§ EXERCISE BRIEF
Restate word for word only the lines running from the one with "5、标注机电符号之间的尺寸方便施工:机电--尺寸标注--选择设备--回车确认" to the end of the data, both ends included. Omit any pictures.

Stored items from a collection:
· · ·
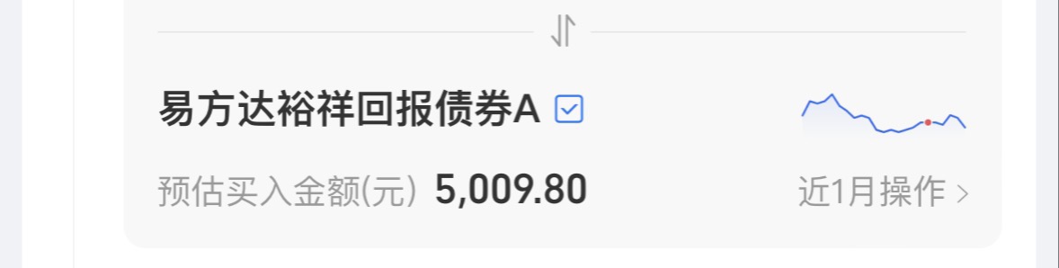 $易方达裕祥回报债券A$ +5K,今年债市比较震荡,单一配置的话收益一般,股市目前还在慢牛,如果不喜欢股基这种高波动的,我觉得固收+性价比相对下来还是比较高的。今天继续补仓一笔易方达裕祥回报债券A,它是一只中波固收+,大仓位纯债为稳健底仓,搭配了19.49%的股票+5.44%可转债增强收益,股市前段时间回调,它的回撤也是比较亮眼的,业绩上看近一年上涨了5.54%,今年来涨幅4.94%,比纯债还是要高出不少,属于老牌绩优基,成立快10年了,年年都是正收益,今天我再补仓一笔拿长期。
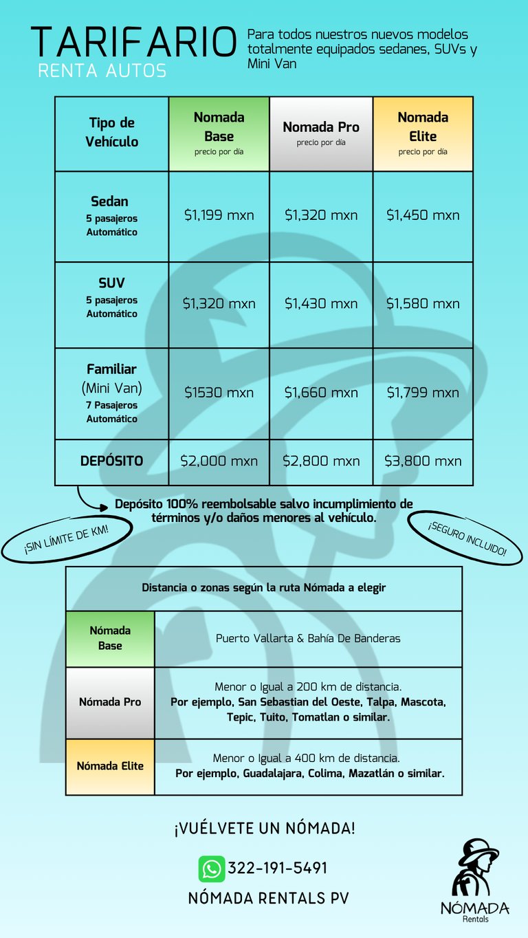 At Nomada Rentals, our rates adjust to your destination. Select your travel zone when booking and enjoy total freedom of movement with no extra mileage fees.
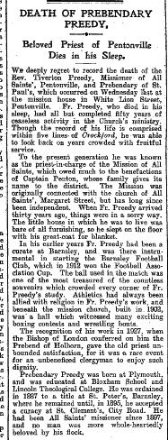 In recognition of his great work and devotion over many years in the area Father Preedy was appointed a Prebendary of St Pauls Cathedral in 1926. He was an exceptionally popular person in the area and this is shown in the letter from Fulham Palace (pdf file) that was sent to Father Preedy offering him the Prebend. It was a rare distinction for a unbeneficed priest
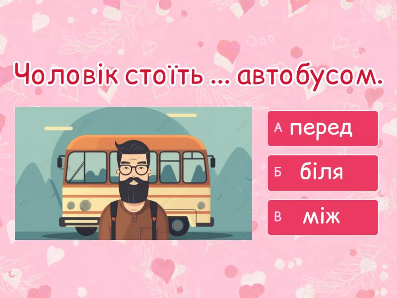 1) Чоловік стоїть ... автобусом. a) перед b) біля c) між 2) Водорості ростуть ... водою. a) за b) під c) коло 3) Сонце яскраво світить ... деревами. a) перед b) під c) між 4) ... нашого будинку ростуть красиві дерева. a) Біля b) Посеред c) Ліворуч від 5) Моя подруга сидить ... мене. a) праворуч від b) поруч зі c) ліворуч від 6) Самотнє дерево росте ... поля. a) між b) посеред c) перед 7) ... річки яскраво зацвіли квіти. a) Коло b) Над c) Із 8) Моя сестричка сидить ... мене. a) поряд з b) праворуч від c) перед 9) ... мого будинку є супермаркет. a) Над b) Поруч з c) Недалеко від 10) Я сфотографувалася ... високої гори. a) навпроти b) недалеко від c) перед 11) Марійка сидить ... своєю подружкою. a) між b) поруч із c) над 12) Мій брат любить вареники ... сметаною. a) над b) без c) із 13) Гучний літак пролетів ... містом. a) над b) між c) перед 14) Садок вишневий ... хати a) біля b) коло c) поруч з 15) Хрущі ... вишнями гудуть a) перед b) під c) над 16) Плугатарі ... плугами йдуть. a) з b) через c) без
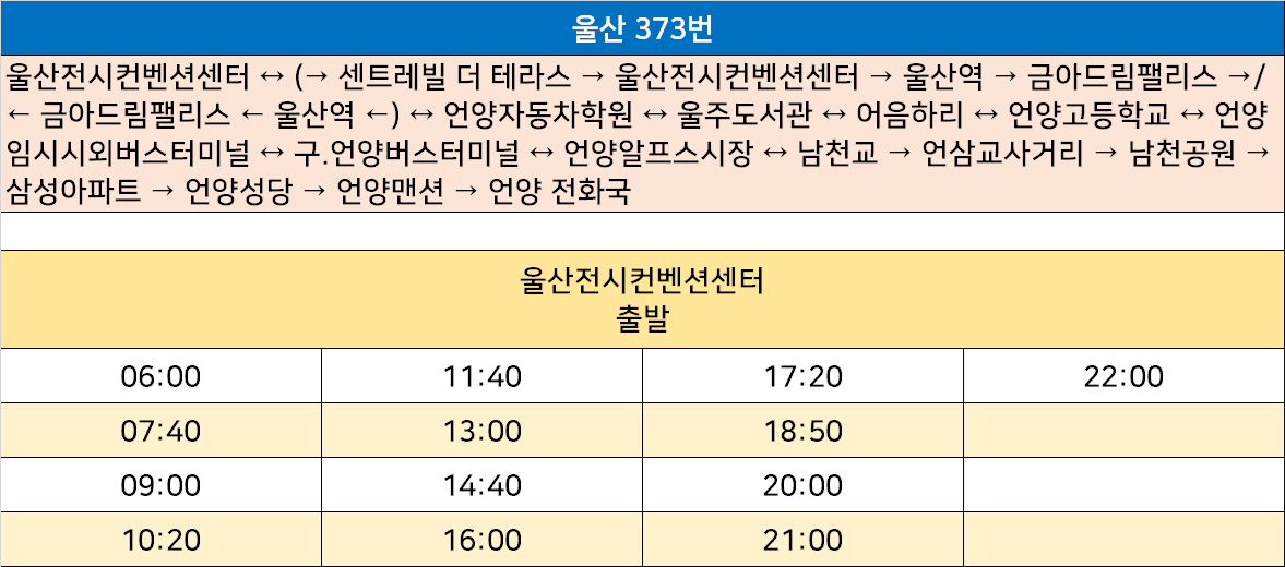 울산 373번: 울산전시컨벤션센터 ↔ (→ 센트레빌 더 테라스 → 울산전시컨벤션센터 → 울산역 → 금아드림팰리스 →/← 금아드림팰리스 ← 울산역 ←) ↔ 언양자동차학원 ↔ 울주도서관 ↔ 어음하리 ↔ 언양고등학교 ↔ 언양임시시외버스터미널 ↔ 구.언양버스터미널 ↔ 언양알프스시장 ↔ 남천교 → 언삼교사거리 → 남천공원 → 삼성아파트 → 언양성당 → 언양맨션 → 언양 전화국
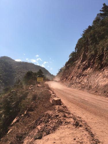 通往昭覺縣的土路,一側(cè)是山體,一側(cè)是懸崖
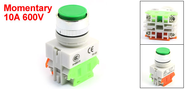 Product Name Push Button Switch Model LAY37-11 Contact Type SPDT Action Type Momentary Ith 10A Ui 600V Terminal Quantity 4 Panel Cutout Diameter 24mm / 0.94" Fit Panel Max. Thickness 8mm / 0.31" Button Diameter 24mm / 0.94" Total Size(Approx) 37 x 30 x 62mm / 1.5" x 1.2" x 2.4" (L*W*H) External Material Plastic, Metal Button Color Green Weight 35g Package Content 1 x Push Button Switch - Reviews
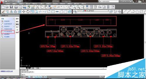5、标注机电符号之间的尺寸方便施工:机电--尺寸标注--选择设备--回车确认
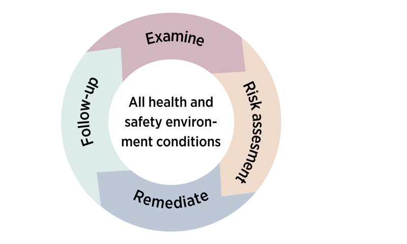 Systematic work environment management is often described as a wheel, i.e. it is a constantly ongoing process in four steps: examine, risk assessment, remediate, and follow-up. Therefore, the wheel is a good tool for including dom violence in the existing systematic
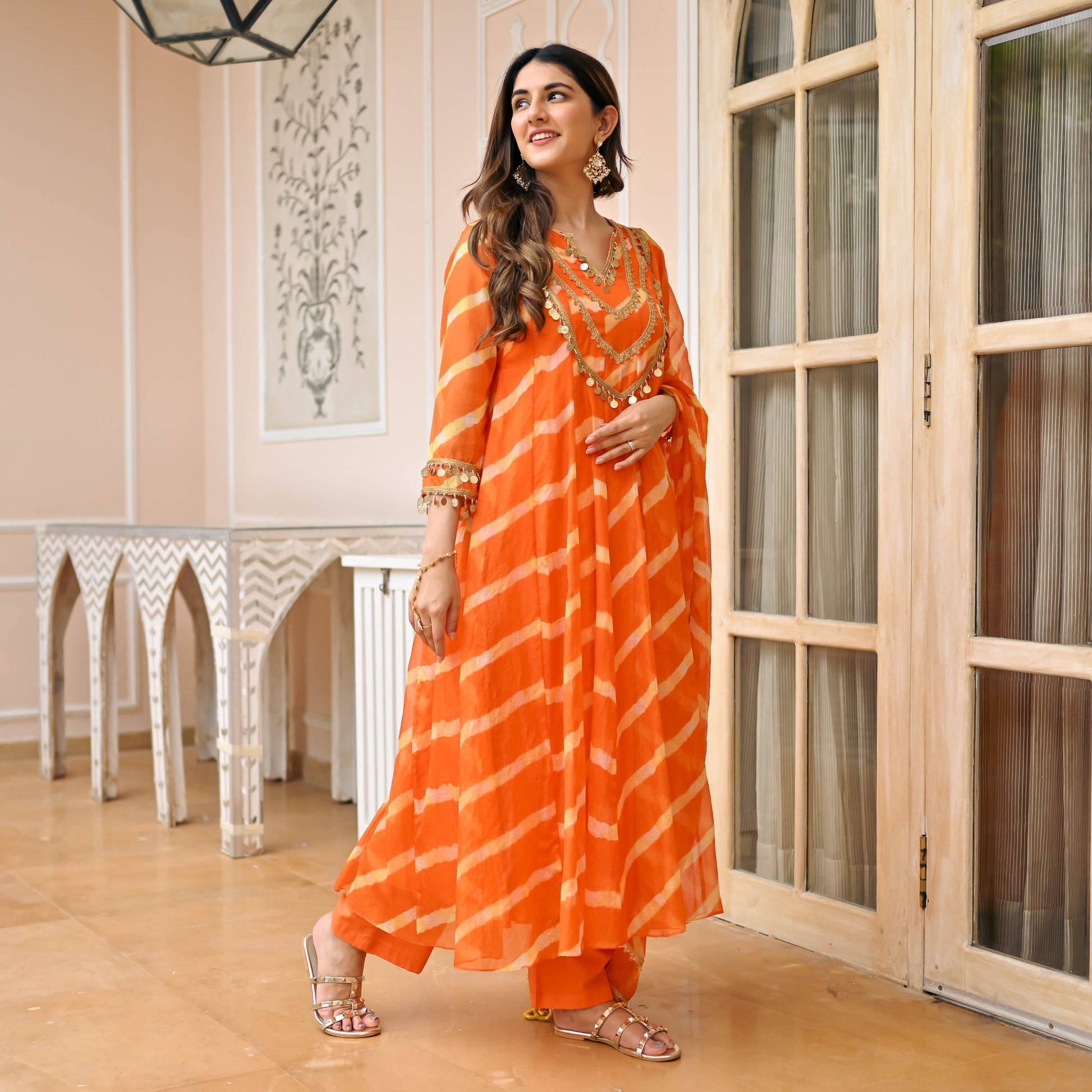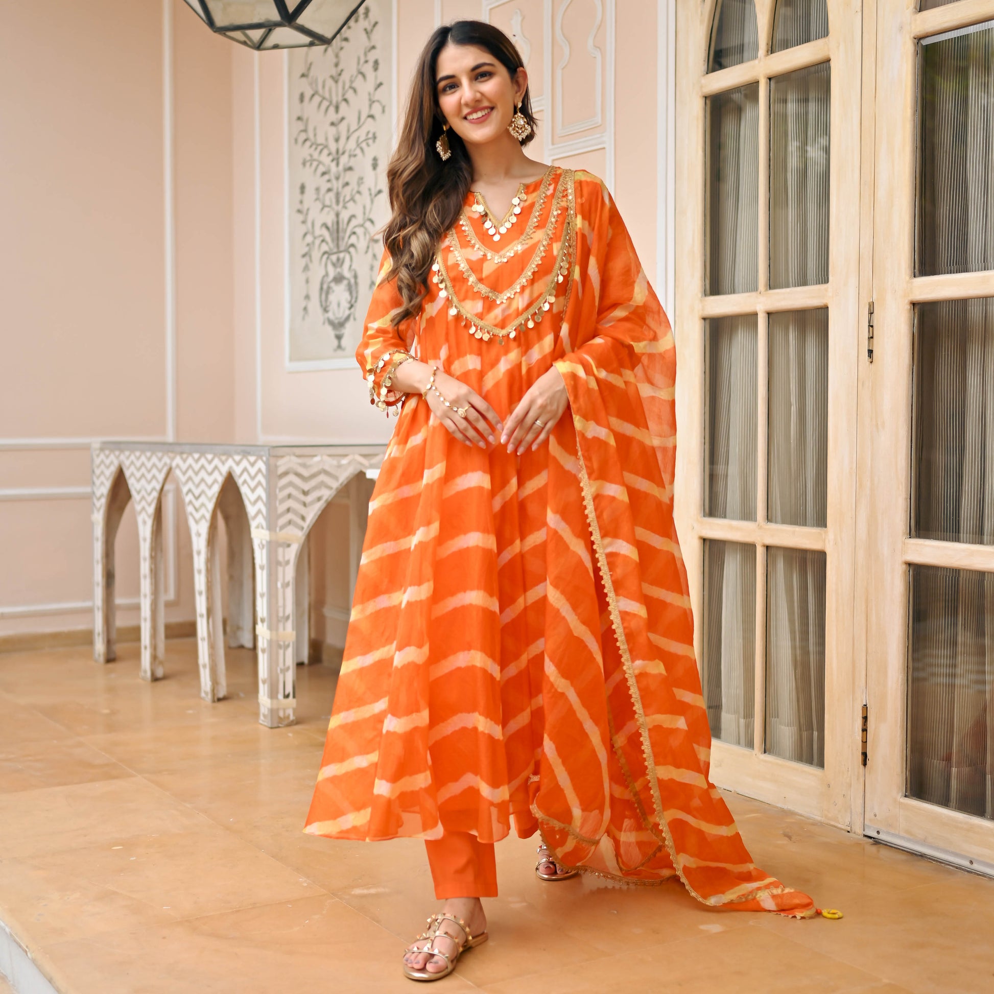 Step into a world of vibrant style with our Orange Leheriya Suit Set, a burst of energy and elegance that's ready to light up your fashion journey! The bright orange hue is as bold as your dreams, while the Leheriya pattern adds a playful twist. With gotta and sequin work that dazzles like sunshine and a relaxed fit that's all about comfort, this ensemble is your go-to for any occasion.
· · ·
§ ANSWER TO THE PROBLEM
5、标注机电符号之间的尺寸方便施工:机电--尺寸标注--选择设备--回车确认
 Systematic work environment management is often described as a wheel, i.e. it is a constantly ongoing process in four steps: examine, risk assessment, remediate, and follow-up. Therefore, the wheel is a good tool for including dom violence in the existing systematic
 Step into a world of vibrant style with our Orange Leheriya Suit Set, a burst of energy and elegance that's ready to light up your fashion journey! The bright orange hue is as bold as your dreams, while the Leheriya pattern adds a playful twist. With gotta and sequin work that dazzles like sunshine and a relaxed fit that's all about comfort, this ensemble is your go-to for any occasion.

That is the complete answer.